Distributed energy storage is an interesting field, though one that has a long way to go before it’s economical against grid power prices. Shao estimated that about 5 percent to 10 percent of New York’s power customers might find a Green Charge system pencils out on an economic basis.
But the grid is only getting more congested and more unstable, and batteries are only getting cheaper, he noted. Properties that are up against their demand charge limits and want to grow might find such a system worthwhile earlier than most, he added.
In the meantime, Green Charge’s GridSynergy platform, developed in conjunction with ConEd, is testing its ability to manage all these battery-load control systems into blocks of grid-responsive load, he said.
“What we’re doing in NY is to connect the monitoring of data with action, at a localized level, and with feedback,” he said.
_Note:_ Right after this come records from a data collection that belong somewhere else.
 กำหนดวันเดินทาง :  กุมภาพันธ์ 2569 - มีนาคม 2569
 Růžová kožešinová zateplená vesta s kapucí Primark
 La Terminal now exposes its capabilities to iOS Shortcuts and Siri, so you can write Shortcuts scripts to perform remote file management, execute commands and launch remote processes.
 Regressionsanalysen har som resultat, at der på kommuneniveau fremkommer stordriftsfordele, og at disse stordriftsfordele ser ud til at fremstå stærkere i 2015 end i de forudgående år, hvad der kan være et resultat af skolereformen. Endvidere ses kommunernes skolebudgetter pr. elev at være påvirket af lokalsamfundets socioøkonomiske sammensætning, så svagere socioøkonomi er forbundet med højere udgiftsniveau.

Each GreenStation unit receives its load reduction signals from the utility via a cellular connection, takes action, and reports back its power load drop to the utility in near to real time, he said.
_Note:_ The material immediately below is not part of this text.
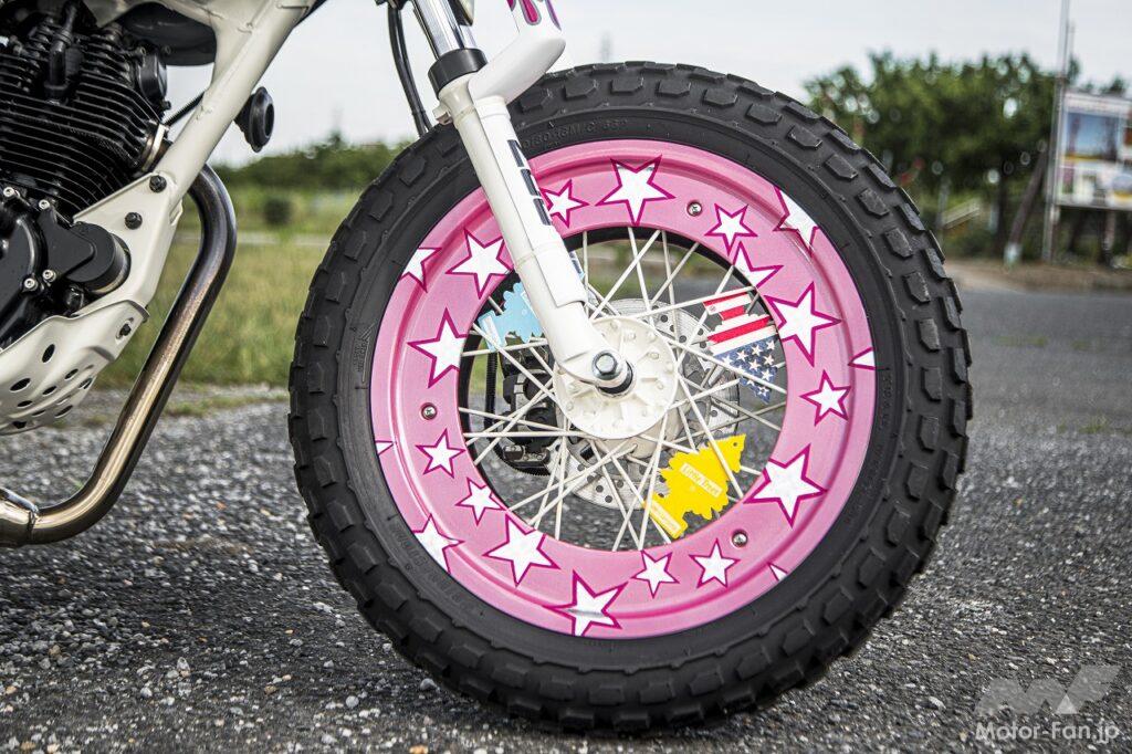 このTW225(デモ車)でまず目に入るのが「ホイールカバー(キャップ)」だ。スポーツタイプの自転車のほか、バイクならクルーザー系やカブ系などのカスタム車でも見かけることもあるが、本来はスポークリムの足元に“キャンバス”を追加し、塗装やピンストが追加されるとインパクトは絶大!

That’s important for two reasons, he said. For one, it can help ConEd up its demand response participation, he said -- according to a 2010 ConEd report, only two-thirds of the utility's demand response customers actually turned down power use when asked to. Automating demand response, as companies like Honeywell, EnerNOC, Viridity Energy and ConEd Solutions are working on, could help bring that rate up -- particularly when they’re tapping batteries that let customers keep using power as normal.
The second benefit comes from the specificity of Green Charge’s control, down to individual addresses, Shao said. Instead of asking an entire neighborhood to shed power to keep one congested line from overloading, ConEd could turn down power at a few key locations along one feeder line while keeping the rest of the local grid untouched, for example, he said.
Beyond that, ConEd has about 40,000 transformers giving 15-minute data via its SCADA system, but the utility only looks at that data about once a year for planning purposes, he said. Pulling all that data into an integrated demand response/grid management platform could yield additional benefits, he said -- another example of a utility-led technology integration project that could find a wider smart grid audience.
In the case of New York City, tamping down growth in power demand and pinpointing congested spots for demand response could, in the end, cut down on how much new grid capacity ConEd has to build, and thus replace high hardware costs with cheaper software costs, Shao said. At what point the utility industry at large feels comfortable entrusting new software with that task, on the other hand, is an open question.
Green Charge Networks, formerly known as The Prosser Group, is currently profitable in its utility consultancy business with a handful of utility customers including ConEd, Shao said. It's also working with big energy services giants like Boeing and Eaton, he said, though he declined to discuss details other than to say the projects were related to energy.